Honda Civic GXCompressed Natural Gas for Automotive Use
Compressed natural gas (CNG), liquefied natural gas (LNG), and liquid petroleum gas (LPG) are familiar to many homeowners; these common gasses are used to heat and cook. Although not widespread on a consumer level, they are also viable energy sources for automobiles. Best of all, in most cases existing gasoline-powered vehicles with internal combustion engines can be converted to run on these fuels-at a price.

While the exhaust from these vehicles isn't as clean as that from a hydrogen-powered car or truck, it is one of the cleanest-burning alternative fuels available today. As is the case with hydrogen, CNG, LNG and LPG are all stored in high-pressure cylinders within the vehicle (the size of the storage area is directly related to the vehicle's range). And, suffering from the same disadvantages as hydrogen, a small infrastructure of vehicle refueling stations limits widespread use. Nevertheless, many city and government-owned vehicles (city service trucks and mass transportation) are currently operating with this energy source. The only production vehicle available for consumers with this type of alternative fuel is the CNG-powered Honda Civic GX, and it is only sold in limited markets.

2010 Ford ExpeditionWhat about Ethanol?
Ethanol has been used for a vehicle fuel for more than a century (Henry Ford's first car, designed in 1896, ran on pure ethanol). Today, it is widely used as a blend with traditional gasoline to reduce emissions. In fact, many vehicles on the road today are able to burn ethanol-blended fuels. These are called Flexible Fuel Vehicles (FFVs).

While ethanol-based fuel is readily available, the blend has less energy than pure gasoline-meaning both horsepower and fuel economy decrease.
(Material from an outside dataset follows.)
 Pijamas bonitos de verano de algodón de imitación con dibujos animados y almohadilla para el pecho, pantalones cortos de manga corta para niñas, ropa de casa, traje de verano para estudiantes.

Many who have the capability to run their vehicles on either fuel simply choose the more efficient (but less environmentally friendly) gasoline. Some FFVs available in showrooms today include the Pontiac G6 FFV, Nissan Armada 2WD FFV, and the Ford Expedition 4WD FFV.
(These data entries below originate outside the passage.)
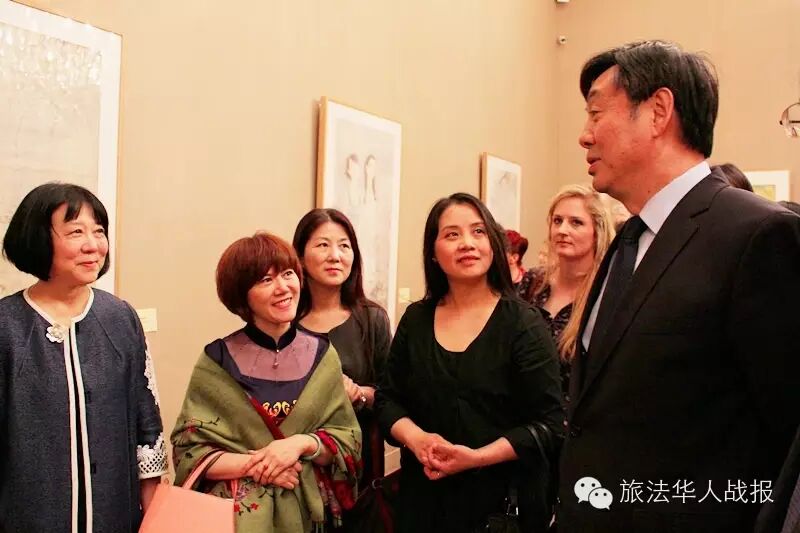 翟隽大使在巴黎中国文化中心主任殷福以及参展画家的陪同之下参观了所有展区的绘画作品,仔细聆听画家的创作感受和画作背景,并对画家精湛的技艺和出色的表现方式大加赞赏。翟隽大使非常重视这样的活动,他认为,中法之间的文化交流在中法双边关系中具有重要意义,他鼓励此类活动的开展,希望中法两国的女画家在这样优质的平台上能够增加沟通,增进友谊。最后他祝愿此次展览能够圆满顺利地举行。
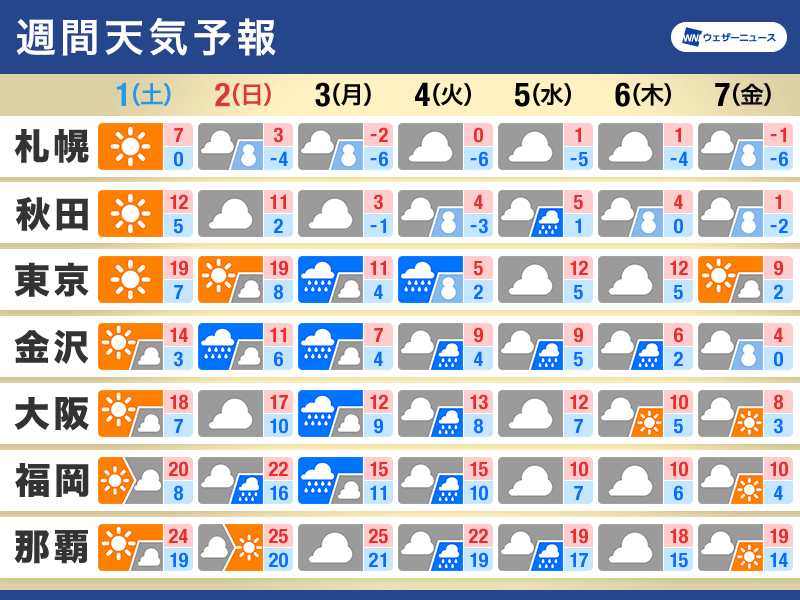 また、寒気の影響で全国的に気温が低下する予想です。週末の春のような暖かさから一転し、関東や北日本では真冬並みの寒さとなります。短期間で大きく体感温度が変わるので、服装選びや体調管理には十分ご注意ください。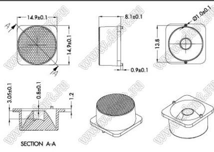 линза для светодиода; 14,9x14,9x8,0мм; 20°; PC

While fuels such as hydrogen, compressed natural gas, liquefied natural gas, liquid petroleum gas, and ethanol show promise, they still don't deliver the energy level of traditional fuels-and their national distribution today is inadequate for public use. Nevertheless, consumers are very supportive of alternative sources of fuel. Automakers know this, and they continue to push to solve the deficiencies inherent in each option. While gasoline and diesel fuel aren't going to disappear in the near future, the future of environmentally friendly alternative fuels looks very promising.